Firstly to evaluate future mortality from mesothelioma in France with an age-period-cohort approach and evaluate different hypotheses on risk of mesothelioma for the most recent birth cohort. Secondly to compare the results with a British and an American study. Thirdly to study if any trends were detectable on data for women which would be consistent with the consequences of increasing environmental exposure to asbestos.

Methods

Estimates of mortality from mesothelioma among men and women in France from 1950 to 1995 were based on the analysis of the pleural cancer mortality data coded 163 in the ninth revision of the international classification of diseases (ICD-9). Correction factors were used to derive the mortality from mesothelioma from these data, based on two regional registries. The analysis of the past mortality data has been performed by an age-cohort model (with a maximum likelihood technique). Predictions of deaths from mesothelioma over the next 50 years were based on four different assumptions on the risk of death from mesothelioma in future birth cohorts.

Results

The predicted lifetime probability of dying from mesothelioma increases until the last birth cohort 1964-8 among men whereas it decreases strongly from the 1954-8 birth cohort among women. The projected numbers of deaths from mesothelioma in France until 2020 are similar, whichever hypothesis is considered: around 20 000 deaths from mesothelioma might occur among men and 2900 among women from 1996 to 2020.

Conclusions

French data show an increasing lifetime probability of death from mesothelioma in the more recent male cohorts.

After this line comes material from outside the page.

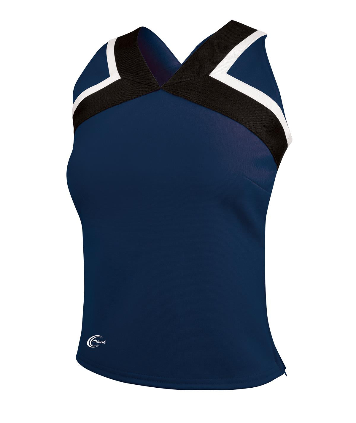 The Chasse Arena Shell Top (Item 818PTB) is made of 100% polyester fitted double knit material and gives any cheer team a fierce look for the sidelines. With a black and white racerback taping design, this fashionable fitted shell top has a side zipper for an easy on and off. Mix your team colors with the black and white neckline to walk onto the sidelines next season with a cheer uniform that will make your rivals jealous! Match the Arena Top with the Chasse Arena Skirt and Bodyliner for the complete cheerleading uniform look.

Although the mortality burden can be predicted until 2020, and is intermediate between the United Kingdom and United States estimates, there is still high uncertainty on the figures after 2020. No increase is found in women, and this does not support the hypothesis that current environmental exposure to asbestos could be associated with a detectable risk of death. Specific surveillance should be set up to monitor future trends or their absence.